Bilançoları makyajlama
Yeditepe Üniversitesi Öğretim Üyesi Prof. Dr. Veysel Ulusoy ise, yapılmak istenenin piyasaya sunulan kredi hacmini arttırması ve kredi bilançoların makyajlama amacı taşıdığını söyledi.

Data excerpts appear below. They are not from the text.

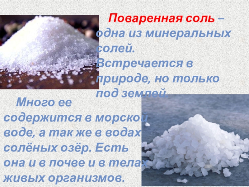 Много ее содержится в морской воде, а так же в водах солёных озёр. Есть она и в почве и в телах живых организмов.
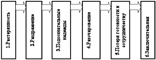Процесс потери интереса к труду можно рассмотреть как состоящий из шести стадий (Рис.2.1). Рис.2.1 Стадии потери интереса работника к труду При растерянности замечаются симптомы стрессового состояния, которое начинает испытывать новый работник. Работник перестает понимать, что ему нужно делать и почему работа у него не ладится. Он задает себе вопрос о том связано ли это с ним самим, с начальником или с работой. Нервные усилия работника пока не сказываются на производительности. Он легко контактирует с сослуживцами, а иногда даже пытается справиться с трудностями за счет более интенсивной работы, что в свою очередь может только усилить стресс. Разноречивые указания руководителя, неопределенность ситуации вскоре вызывают раздражение работника, связанное с ощущением собственного бессилия. Поведение работника приобретает демонстративные черты. Он подчеркивает свое недовольство в сочетании с повышенной производительностью. Тут он преследует две цели - зарекомендовать себя с лучшей стороны, а так же подчеркнуть на своем фоне бездеятельность руководства. На третьей стадии подчиненный перестает сомневаться в том, кто виноват в возникших у него трудностях. Теперь он надеется на промах начальника, после которого можно аргументировано доказать правильность своей точки зрения. Это выражается в утаивании служебной информации, необходимой для решения задач данного подразделения. Подчиненный начинает избегать начальника. Производительность и качество труда остаются в норме. На стадии разочарования восстановить подорванный интерес к работе гораздо труднее. Производительность труда снижается до минимально допустимой. Но на этой стадии работник еще не потерял последней надежды. Его поведение напоминает маленького ребенка, он полагает, что если будет “вести себя плохо”, начальник обратит на него внимание. В этот период страдают такие чувства работника, как уверенность в уважении со стороны подчиненных, сознание своего авторитета, привычка к хорошему отношению со стороны других сотрудников. Симптомом стадии потери готовности к сотрудничеству является подчеркивание работником границы своих обязанностей, сужение их до минимума. Некоторые начинают вызывающе пренебрегать работой, а то и вымещать дурное расположение духа на коллегах, находя удовлетворение в унижении других. Суть этой стадии - не борьба за сохранение интереса к работе, а попытка сохранить самоуважение. Окончательно разочаровавшись в своей работе (стадия 6), сотрудник перейдет на другое место, либо будет относиться к работе как к каторге. Один такой работник может сыграть в группе роль катализатора, привести к выплеску скрытого чувства недовольства всего коллектива. Получение нового места работы, а так же изменение привычных условий деятельности стимулирует работника, вызывает в нем желание проявить себя с лучшей стороны. Не получив возможности почувствовать себя необходимым, самостоятельным работником, которому доверяют и которого уважают, он разочаровывается в своей работе. Отвечая на этот вопрос «какой должна быть идеальная работа для подчиненных?», не следует стремиться к чрезмерной специфичности и оригинальности. Все равно учесть различие во вкусах и личных мнениях каждого удается редко, поэтому руководитель, как правило, стремится к повышению инте
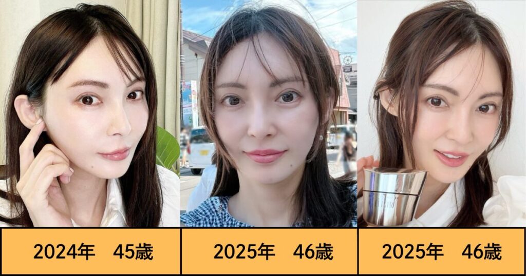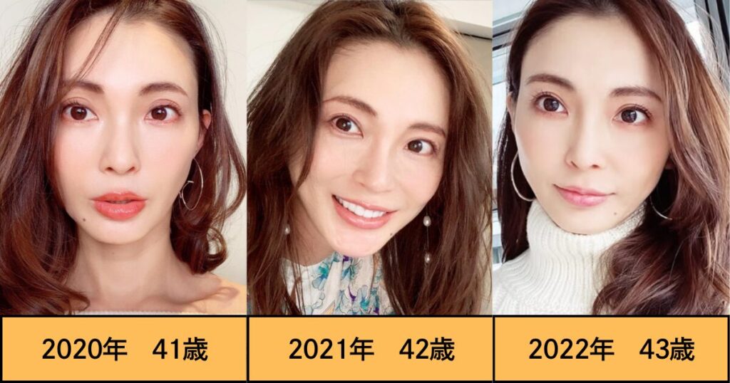 1979年生まれの押切もえさんは現在40代半ばです。年齢を重ねることで、誰にでも起こる自然な変化があります。目の周りのしわの増加、頬や顎の肉の減少、肌のハリや弾力の低下、顔全体のたるみなどが見られます。
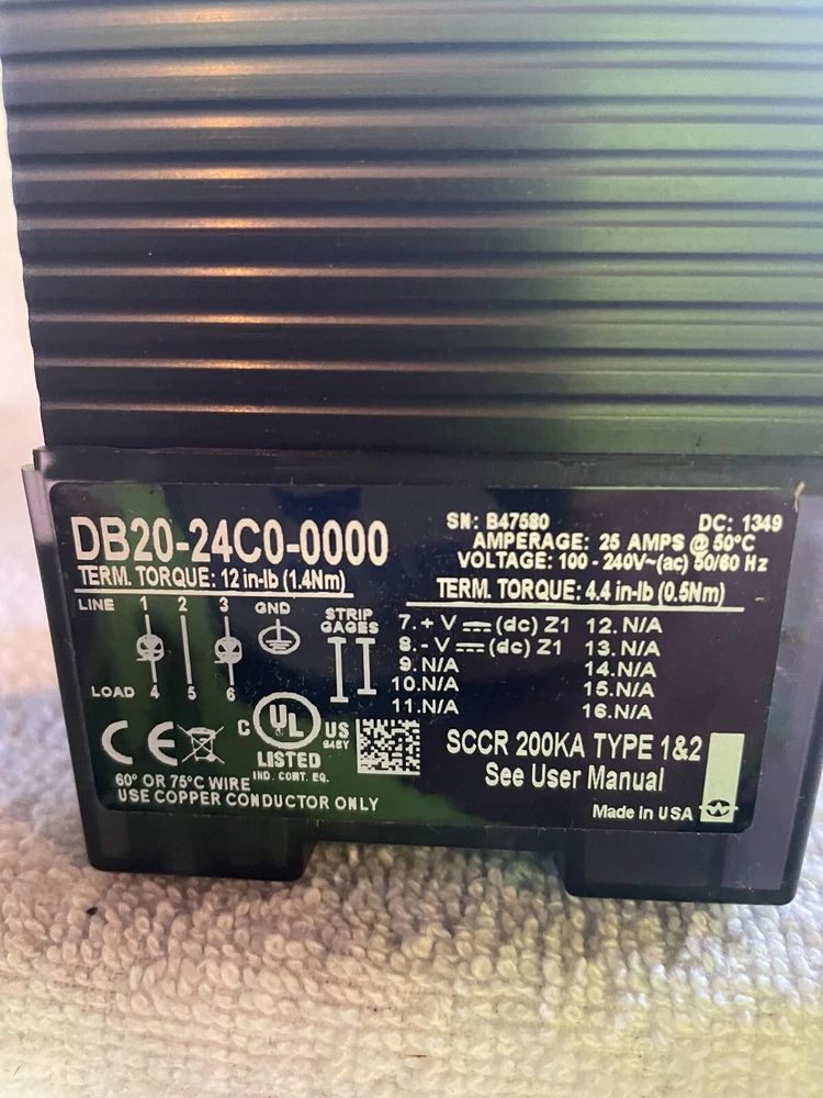 Up for sale is a NIB Watlow DB20-24C0-0000 Solid State Power Controller. Please see pictures. Any questions let me know. Thank you.
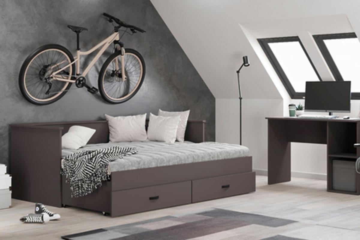 Patul HELIOS este un pat modern extensibil pentru tineret, care combină un aspect elegant cu funcții practice. Datorită posibilității de extindere rapidă într-un pat dublu prin glisarea bazei inferioare, acest mobilier este ideal atât pentru camere mici, cât și pentru cele spațioase. Designul său universal în culoarea gri se potrivește perfect în orice stil de interior, oferindu-i un caracter modern și o eleganță subtilă.
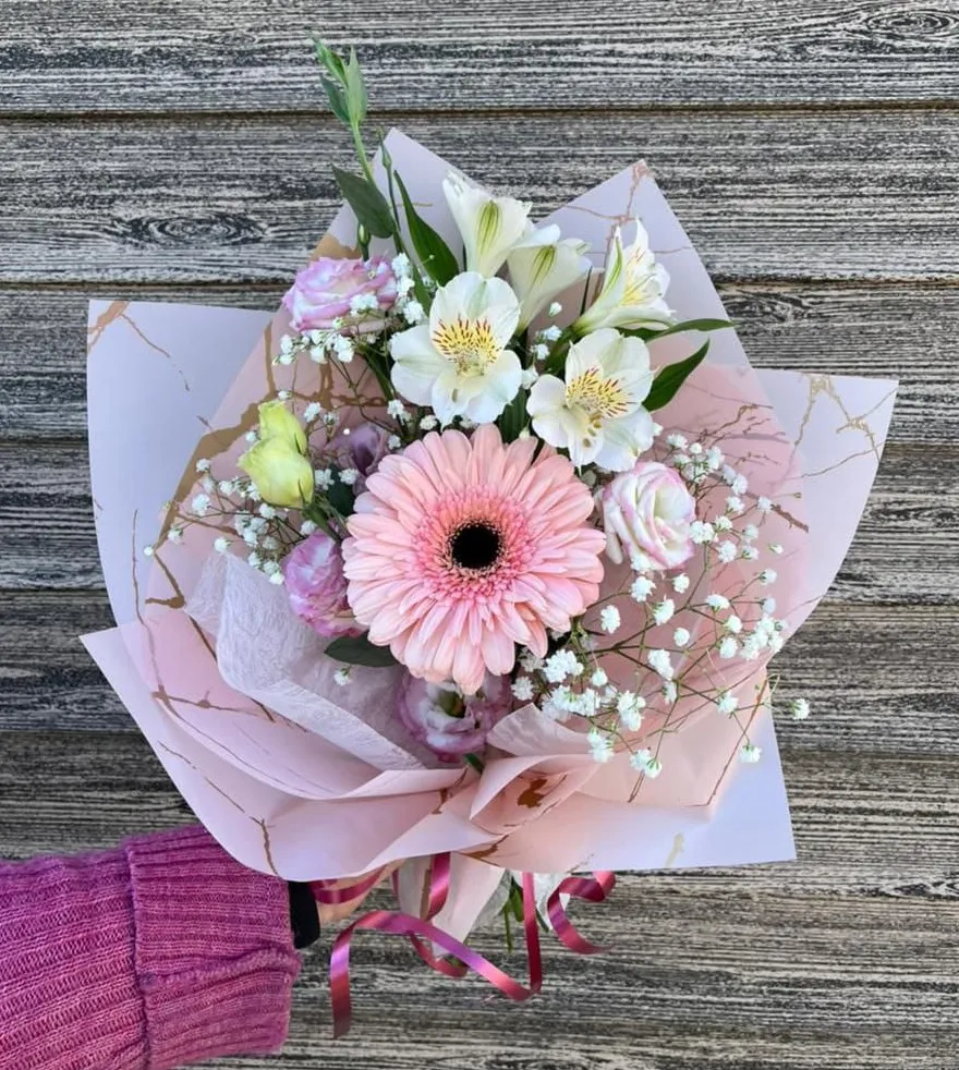 Букет, составленный из гербер, альстромерий, гипсофилы и эустомы, представляет собой яркий и жизнерадостный ансамбль, который способен поднять настроение и создать атмосферу счастья и уюта.

Ulusoy, hükümetin hazırlığını şöyle değerlendirdi: “Bir yönüyle hazine tarafından kamu bankaları ve kamu katılım bankalarına verilen hatır senedi olan DİBS’ler, kredi genişlemesi ve benzeri amaçla piyasaya sunulan kredi hacmini artırma ve bilançoları makyajlama amacı taşıyan yöntemdir. DİBS’leri hazineden alan kamu bankaları, temel olarak bunu Merkez Bankası’na repo sistemiyle yatıracak ve elde ettikleri parasal genişlemeyle yine kredilerini artırma, gayrimenkul sektörünün fonlamasına yardım etme ve benzeri amaçlı kullanıma gidecektir. Türkiye Varlık Fonu kapsamında işlenecek bu parasal genişleme; bir bakıma görev zararları oldukça yüksek seviyede olan kamu bankalarının bilançolarını da makyajlayacak bir ortam yaratacaktır.”
İslami ekonomi
Tartışılması gereken diğer bir konunun ise katılım bankalarının belirli bir faiz oranıyla fonda yararlanması meselesi olduğunu dile getiren Ulusoy, “İslami ekonominin tartışıldığı şu günlerde bu faizin de gündeme gelmesi gerekir” dedi. Ulusoy, sözlerini şöyle tamamladı: “2019 yılı Merkezi Yönetim Bütçe Kanunu’nda, Bütçe Kanunu’nun 1’inci maddesinin birinci fıkrasının (a) bendi ile belirlenen başlangıç ödeneklerinin yüzde 3’üne kadar ikrazen Özel Tertip Devlet İç Borçlanma Senedi ihraç edilebileceği, ihraç edilecek ikrazen Özel Tertip Devlet İç Borçlanma Senetlerinin kamu sermayeli bankalar ile kamu kurum ve kuruluşları arasındaki dağılımını, senetlerin vadesini, faiz ve diğer şartlarını belirlemeye Hazine ve Maliye Bakanlığı’nın yetkili olduğu hüküm altına alınmıştır.”